Where a line contains "一种类似轻熟女人的夏季穿搭,颜色相似。下", begin there and restate word for word every line to the end of the entries below, pictures excluded.

**Given information:**

^^^^^^^^^^^^^^^^

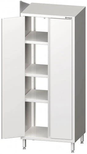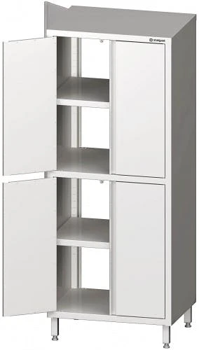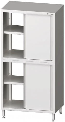 hergestellt aus rostfreiem, ferritischem Stahl, fest verschweißte Ausführung, höhenverstellbare Füße +25 mm bis -4 mm, Schrankbeine aus Vierkantprofil 40×40 mm, Materialstärke: 1,2 mm, Schrankinnenraum mit zwei höhenverstellbaren Einlegeboden, mittlerer Schrankboden fixiert, Schiebetüren sind doppelwandig ausgeführt, mit durchgehender Griffleiste, Führungsschiene der Schiebetüren aus Edelstahl, mit Führungszapfen in der unteren Schiene, Schiebetüren laufen und hängen auf Rollen
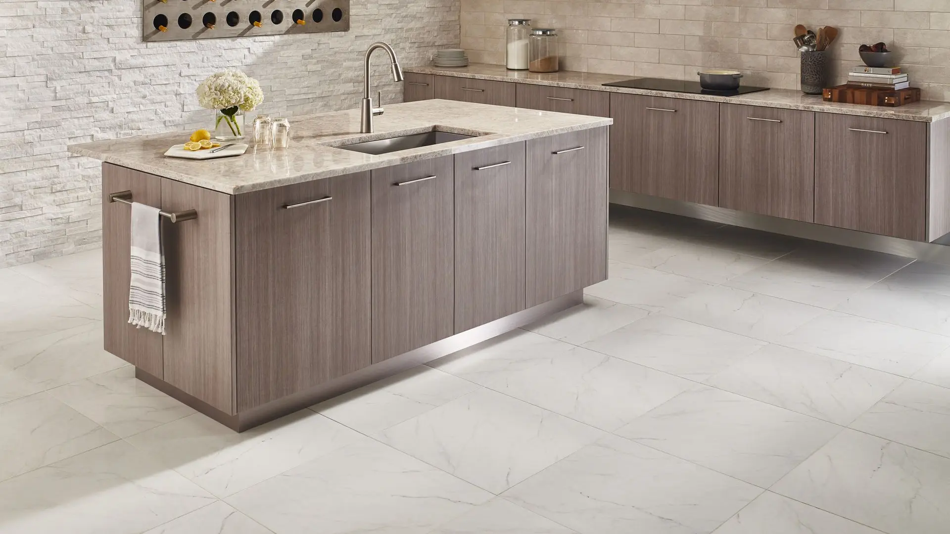 Large-format tiles (24x48 and larger) are taking over. By minimizing grout lines, these oversized tiles create a sleek, expansive, and luxurious aesthetic; a key feature in modern kitchen flooring and open-concept designs.
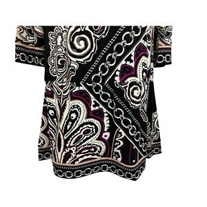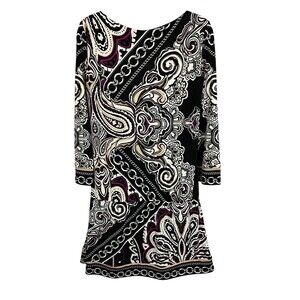 WHBM Black Paisley Print 3/4-Sleeve Flounce Jersey Dress Size M Shift Dress
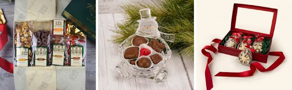 Here's some ideas of gifts for customers to treat themselves (from left to right): Rheo Thompson Candies offers a collection of customers' favorite sweet and salty snacks; treat yourself to new holiday decor, filled to the brim with chocolates from Marie's Candies; the gift of solid chocolate ornaments from Enstrom Candies help customers count down the days to Christmas with a sweet and decadent treat each day.
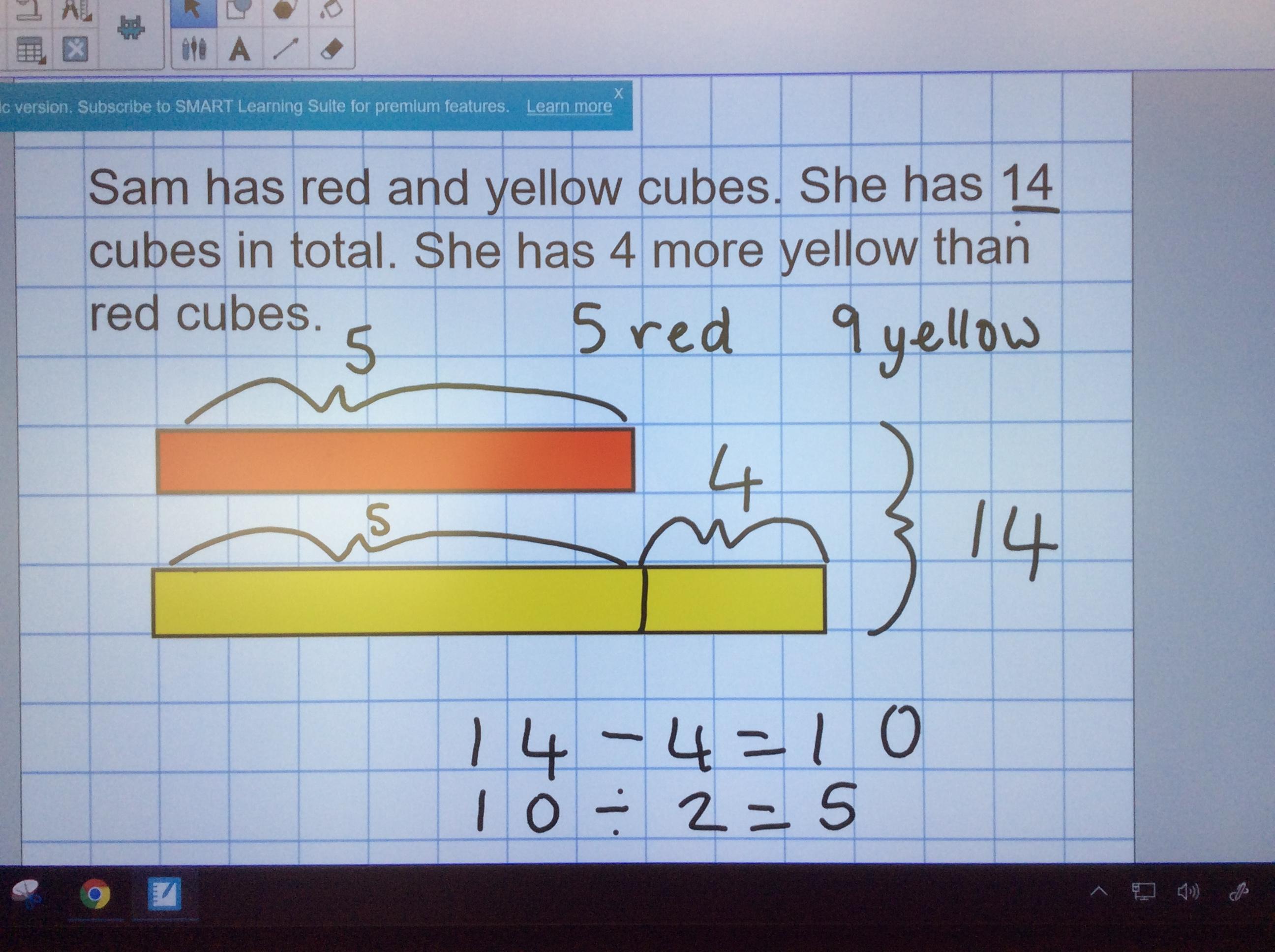 I have done an example question using a bar model in the picture above which is similar to question 1 (same question different numbers) to remind you how to use bar models to solve these types of questions.
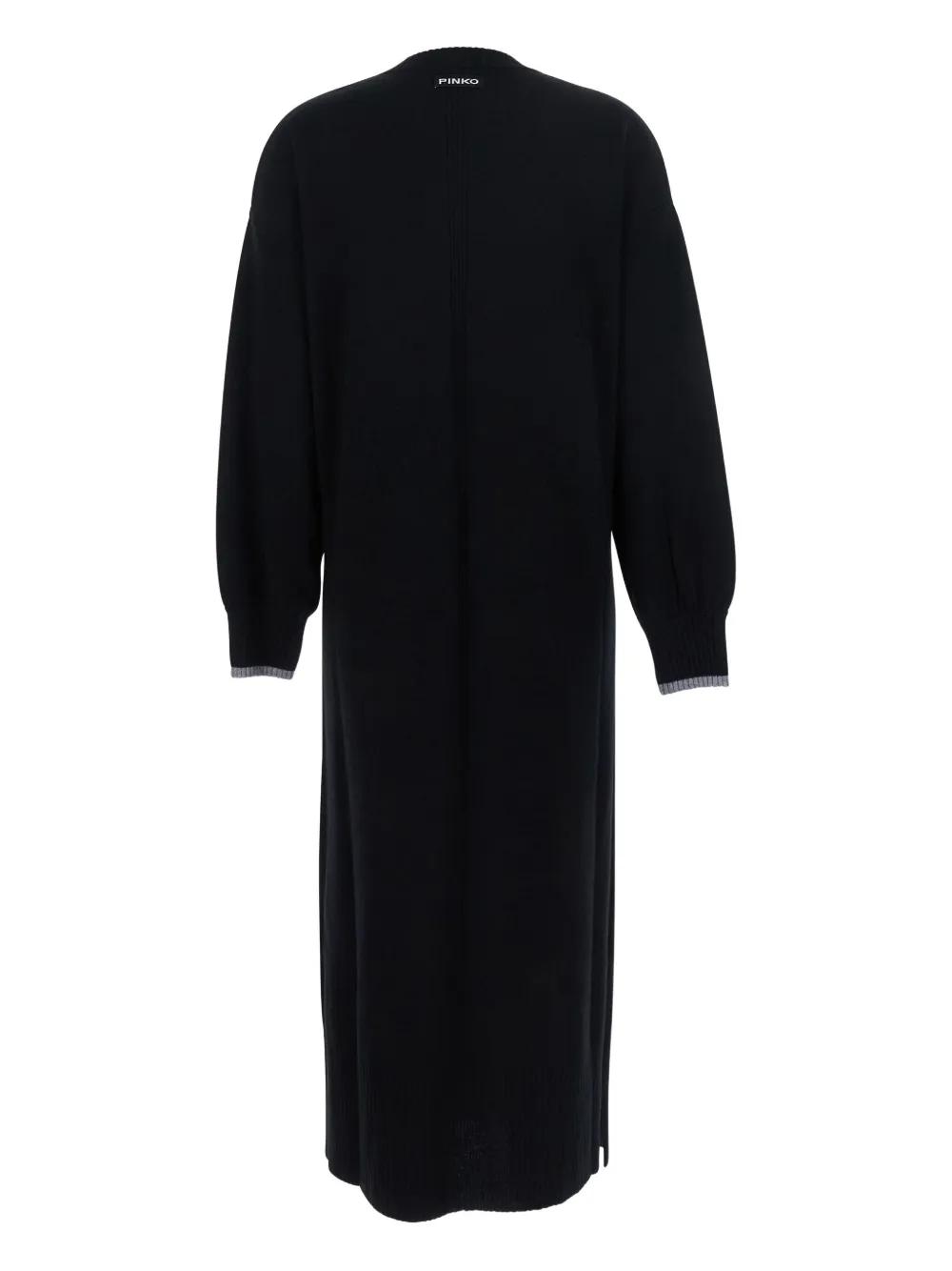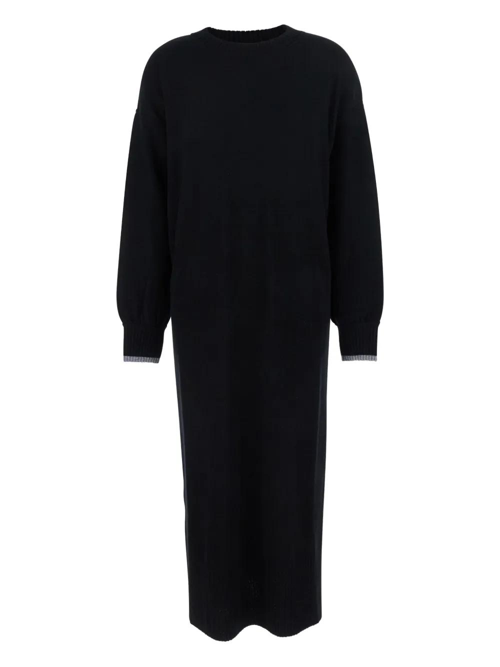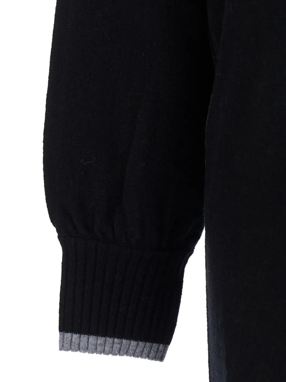 black crew neck side slit long sleeves contrasting ribbed cuffs
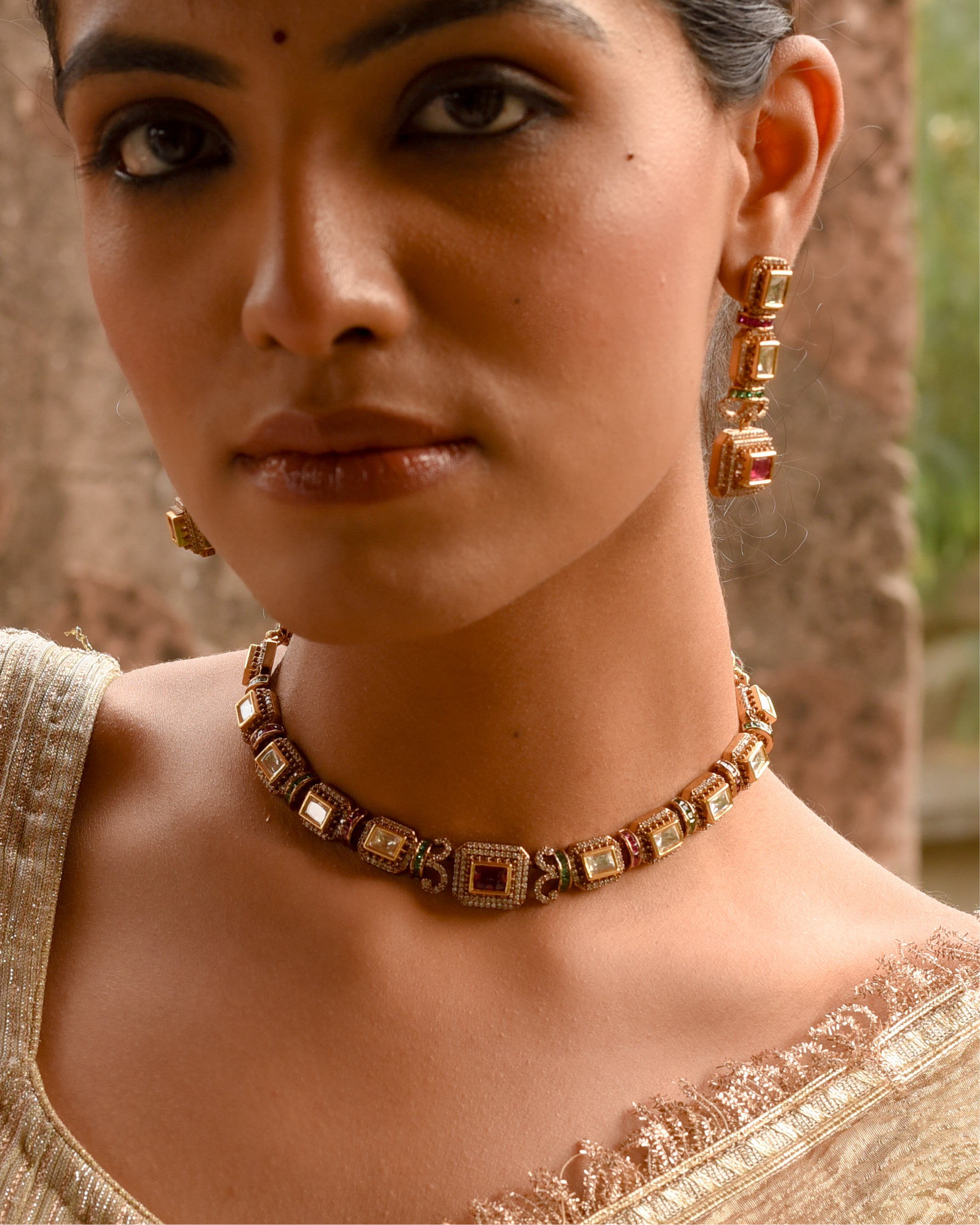 Precision-cut kundan stones arranged in geometric perfection create this sophisticated choker and matching drop earrings, where contemporary minimalism meets traditional Indian craftsmanship.
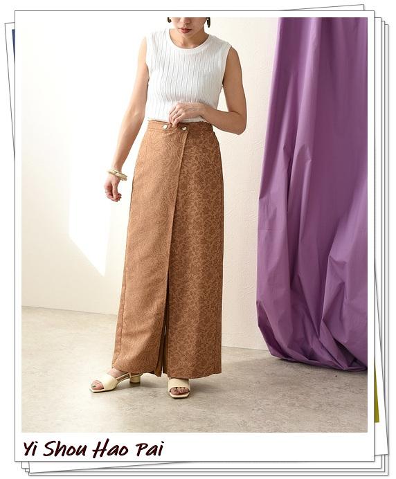 一种类似轻熟女人的夏季穿搭,颜色相似。下装具有舒缓的佩斯利图案,使简单的棕色上衣看起来时尚。
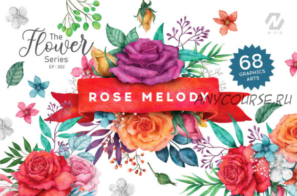 Это набор КРАСОЧНЫХ РОЗОВЫХ И ЦВЕТОЧНЫХ АКВАРЕЛЬНЫХ ЭЛЕМЕНТОВ
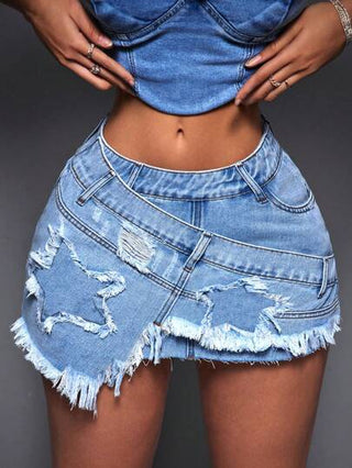 ICON تنورة جينز ممزقة بحاشية غير مدروزة

^^^^^^^^^^^^^^^^

**Your response:**
 一种类似轻熟女人的夏季穿搭,颜色相似。下装具有舒缓的佩斯利图案,使简单的棕色上衣看起来时尚。
 Это набор КРАСОЧНЫХ РОЗОВЫХ И ЦВЕТОЧНЫХ АКВАРЕЛЬНЫХ ЭЛЕМЕНТОВ
 ICON تنورة جينز ممزقة بحاشية غير مدروزة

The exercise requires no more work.